For further information refer to the Product Information.

Pregnancy category
DDrugs which have caused, are suspected to have caused or may be expected to cause, an increased incidence of human fetal malformations or irreversible damage. These drugs may also have adverse pharmacological effects. Accompanying texts should be consulted for further details.The use of any medicine during pregnancy requires careful consideration of both risks and benefits by the treating health professional. This must not be used as the sole basis of decision making in the use of medicines during pregnancy. The TGA does not provide advice on the use of medicines in pregnancy for specific cases. More information is available from obstetric drug information services in your State or Territory.
What was approved

Nubeqa (darolutamide) was approved for the following therapeutic use:

Nubeqa is indicated for the treatment of patients with non-metastatic castration resistant prostate cancer (nmCRPC).
What is this medicine and how does it work
Darolutamide is a non-steroidal androgen receptor antagonist with a flexible polar-substituted pyrazole structure that binds with nanomolar affinity directly to the receptor ligand binding domain to retain antagonistic activity against the androgen receptor (AR).Darolutamide competitively inhibits androgen binding, androgen receptor nuclear translocation and AR mediated transcription.Darolutamide had significant in vivo anti-tumour efficacy (decreased tumour cell proliferation) leading to decreased tumour volume in xenograft models of prostate cancer implemented in mice, including the castration-resistant model VCaP which overexpresses the AR.
What post-market commitments will the sponsor undertake
  • Submit the final clinical study report for the ARAMIS study when available.
  • Nubeqa (darolutamide) is to be included in the Black Triangle Scheme. The Product Information (PI) and Consumer Medicines Information (CMI) for Nubeqa must include the black triangle symbol and mandatory accompanying text for five years, which starts from the date that the sponsor notifies the TGA of supply of the product.
  • The European Union-Risk Management Plan (EU-RMP) (version 0.1, date 31 January 2019; data lock point (DLP) 3 September 2018), with Australian Specific Annex (version 1.0, dated February 2019), included with submission PM-2019-01420-1-4, and any subsequent revisions, as agreed with the TGA will be implemented in Australia.
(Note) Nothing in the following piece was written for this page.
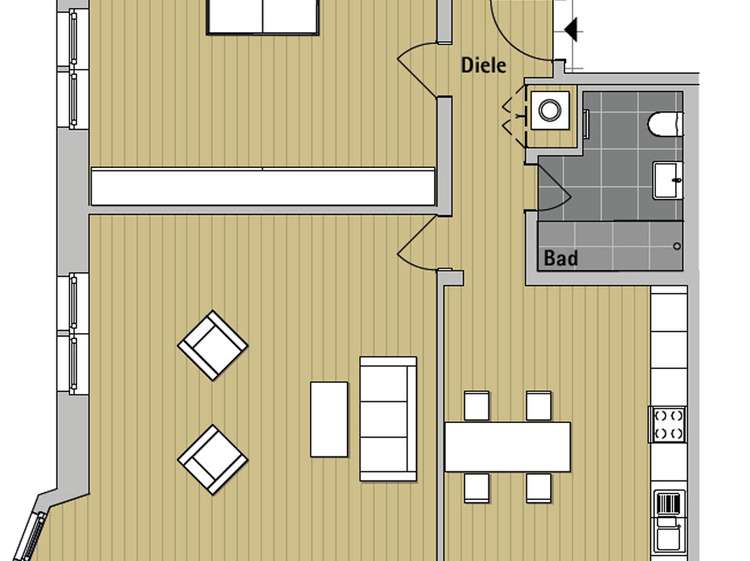 Bitte beachten Sie: eines der 3 Zimmer beinhaltet die integrierte Einbauküche und den Essbereich.

    An obligatory component of risk management plans is routine pharmacovigilance. Routine pharmacovigilance includes the submission of periodic safety update reports (PSURs). Unless agreed separately between the supplier who is the recipient of the approval and the TGA, the first report must be submitted to TGA no later than 15 calendar months after the date of this approval letter. The subsequent reports must be submitted no less frequently than annually from the date of the first submitted report until the period covered by such reports is not less than three years from the date of this approval letter. The annual submission may be made up of two PSURs each covering six months. If the sponsor wishes, the six monthly reports may be submitted separately as they become available.

    The reports are to at least meet the requirements for PSURs as described in the European Medicines Agency's Guideline on Good Pharmacovigilance Practices (GVP) Module VII-periodic safety update report (Rev 1), Part VII.B Structures and processes. Note that submission of a PSUR does not constitute an application to vary the registration. Each report must have been prepared within ninety calendar days of the data lock point for that report.